Yes. You get a poisoned lock when some other piece of code triggered a panic while holding the lock. If this happens the world is probably already in a bad state so your best option is to crash the program asap.
It's possible to work with poisoned data and all Rust code is expected to maintain memory-safety in the face of panics, but it could mean some of the assumptions that the rest of your code makes are no longer valid.
For example, let's say you store cached items in a Arc<Mutex<Vec<CachedItem>>> sorted by timestamp and adding new data to the cache is a case of pushing on to the end and calling cache.sort(). If the sort fails midway through because of a dodgy PartialEq implementation then you'll drop the lock while unwinding, leaving a partially sorted cache behind. The next time you try to use the cache, you might find that asking for the most recent value with a particular key doesn't actually give you the most recent value and the end user might refresh their screen and say "wtf, I thought I just changed that field".
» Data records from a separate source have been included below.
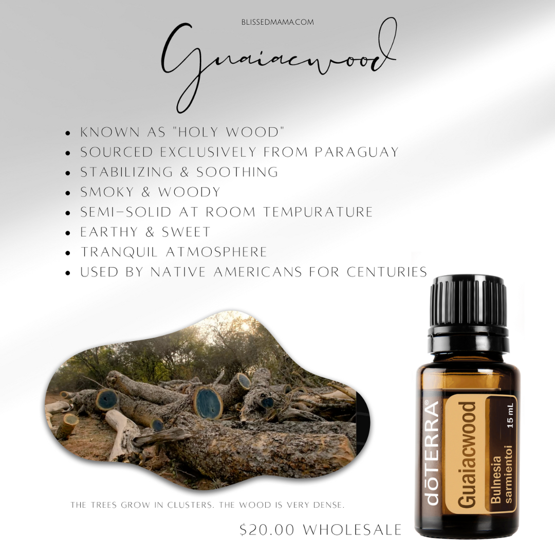 Guaiacwood 15 mL: This essential oil features a rich aromatic combination of earthy and sweet to give you the tranquil atmosphere you need in meditation practices.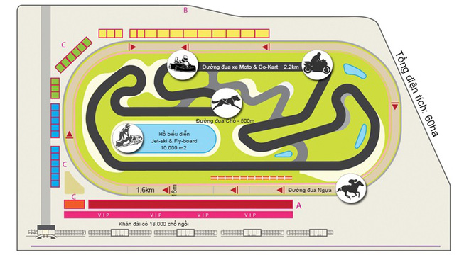 Theo đó, 5 đường chạy và sân đua khác nhau được xây dựng tại trường đua Đại Nam để phù hợp với từng bộ môn.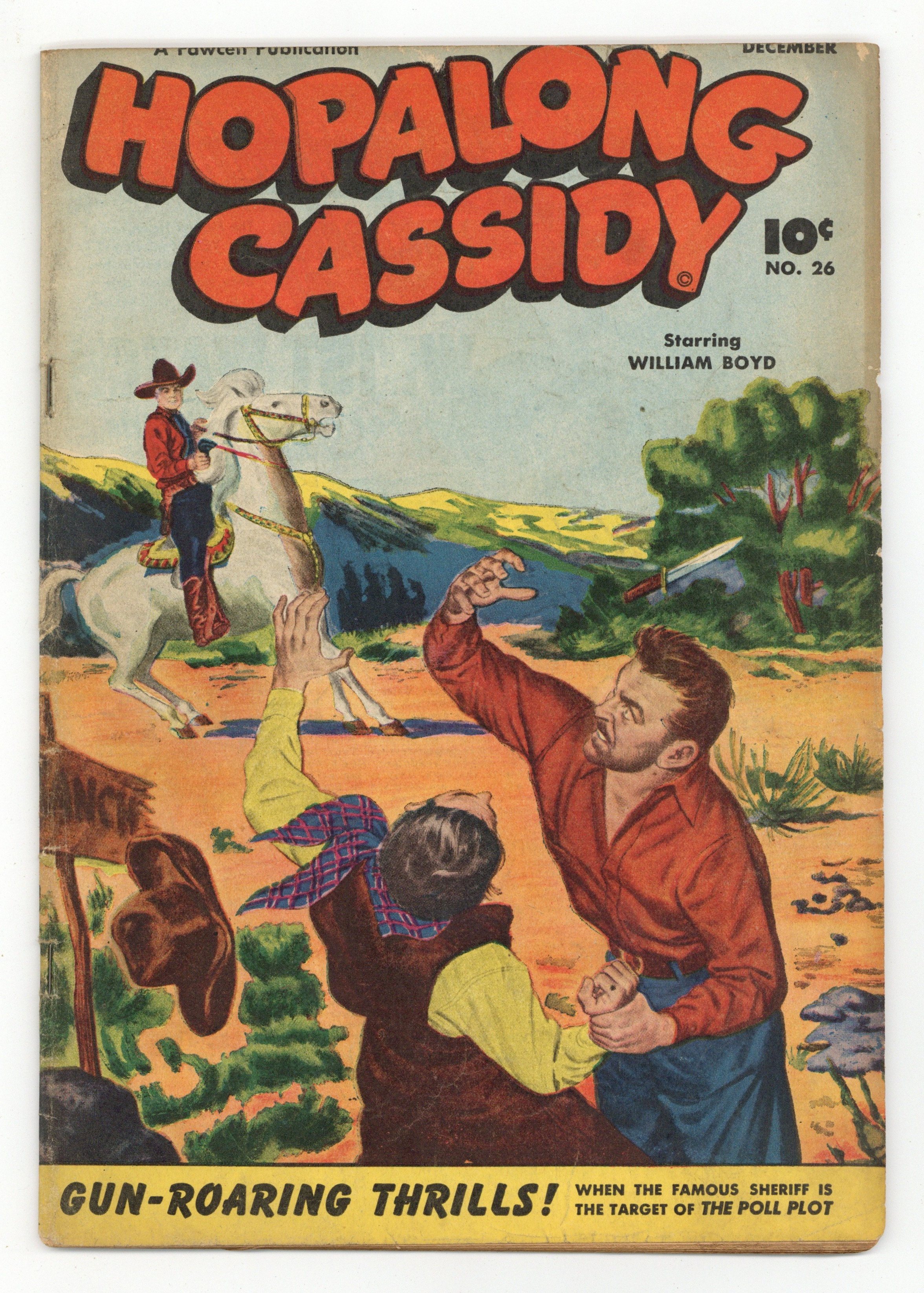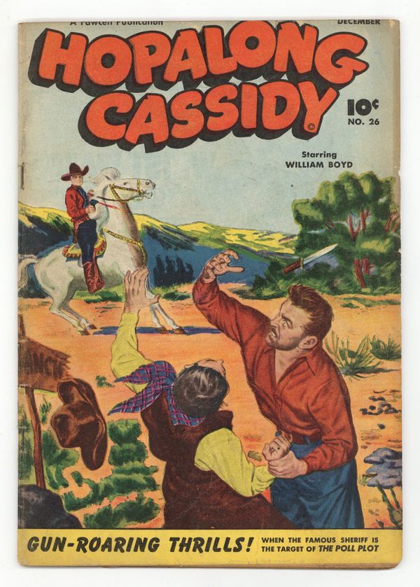 $26.00Captain Marvel Wrist Watch ad. "The Poll Plot," art by Joe Certa; Rex Galen is plotting to win the election as sheriff of Twin Rivers. Wheaties featuring Matty Bell. "The Girl on the Flying Trapeze!" starring Hopalong Cassidy, art by Joe Certa; A jealous circus artist tries to kill the new girl trapeze artist. "Hollow Trunk," art by Charles Quinlan; One of the boarders steal silverware and hide it in a hollow tree outside his window. Roy Rogers Quality Merchandise ad. Sissy Gift text story. Ridin' Herd with William Boyd article, art by Carl Pfeufer; A foreman never asks a pal to do anything he wouldn't do himself. "The Free Meal"; Whitey pretends to be sick just to get a free meal. "The Fatal Note" starring Hopalong Cassidy, art by Charles Quinlan; A false note is meant to break up a friendship. 52 pgs., full color. Cover price $0.10.

I don't see any value in propagating poisoning errors because the only way you'll ever deal with them is by a) passing the error up with ? and killing the program, b) ignoring the poison and using the value anyway, or c) fixing the possibly broken invariant then and there (i.e. by re-sorting your cache). Using unwrap() on the error is just like option "a", except we aren't forcing every function up the call stack to return a Result<_, Error> containing an error that can't be resolved.
It does release the lock on panic. It just also sets a poison flag on the mutex to signal that the contents may be in an inconsistent state. You can ignore the poison flag by inspecting the error value.
To be clear, inconsistent is with respect to your own code and your own assumptions about the value. The mutex itself is fine.